─── DATASET RECORDS
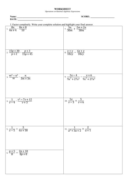 Rational expressions are algebraic expressions that involve fractions with variables in the numerator and/or denominator. Adding and subtracting rational expressions can be challenging for students, as it requires a good understanding of factoring and simplifying fractions. To practice and improve these skills, a worksheet focusing on adding and subtracting rational expressions can be very helpful.
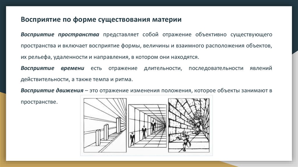 Восприятие по форме существования материиВосприятие пространства представляет собой отражение объективно существующего
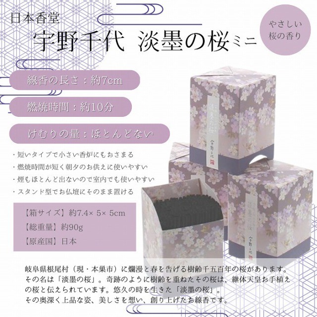 またこちらは「宇野千代 淡墨の桜」お線香ミニサイズ1箱セットです。
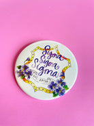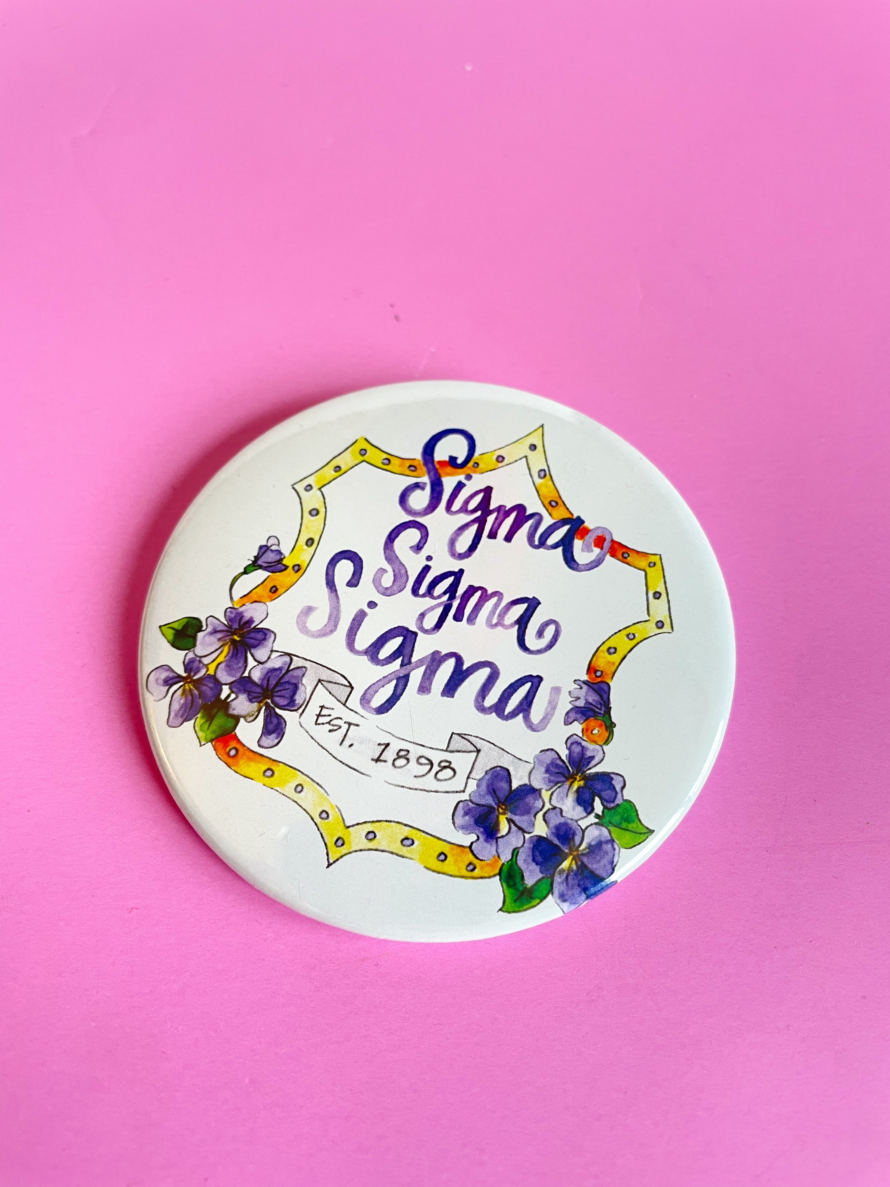 Hand-painted by the talented Emily Welch of Magnolia Creative, this 3” button is a beautiful addition to your collection!
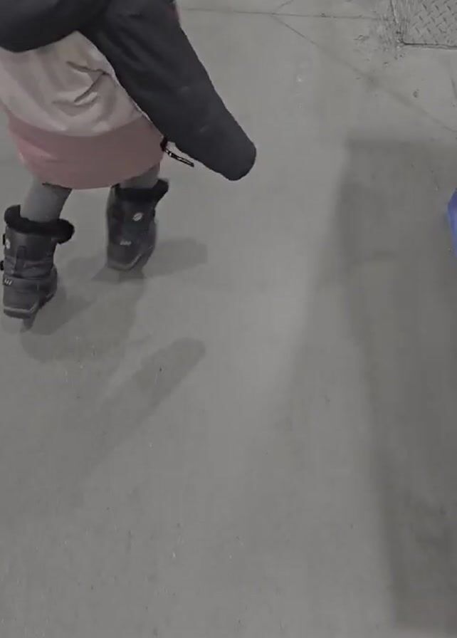 A young child, wearing a pink shirt, a dark jacket, and dark boots, walks across a gray concrete floor
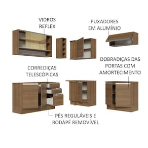 Por ser totalmente modulada, você pode organizar os armários e balcões conforme preferir no seu ambiente. Além disso, o canto pode ser montado tanto para o lado esquerdo quanto para o direito.
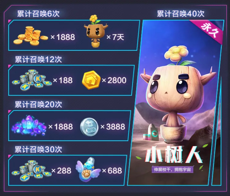 各位车友只要在活动时间内完成每日登录、参与多人对局、参与排位、累计经验达成等任务,就能获得召唤次数,召唤至指定次数时会获得对应的奖励,召唤满40次即可获得史诗级宠物小树人(永久)。
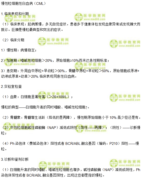 關(guān)于“臨床助理“血液系統(tǒng)”考點:慢性粒細胞白血病”相關(guān)內(nèi)容,相信參加臨床執(zhí)業(yè)助理醫(yī)師考試的考生都在關(guān)注,為方便大家了解,在此醫(yī)學教育網(wǎng)小編為大家整理如下內(nèi)容:
──────
EXERCISE BRIEF>
In the records above, find the line with "Hand-painted by the" and the line with "Por ser totalmente", then restate word for word only those two lines and all lines between, omitting pictures.

EXERCISE RESPONSE>
 Hand-painted by the talented Emily Welch of Magnolia Creative, this 3” button is a beautiful addition to your collection!
 A young child, wearing a pink shirt, a dark jacket, and dark boots, walks across a gray concrete floor
 Por ser totalmente modulada, você pode organizar os armários e balcões conforme preferir no seu ambiente. Além disso, o canto pode ser montado tanto para o lado esquerdo quanto para o direito.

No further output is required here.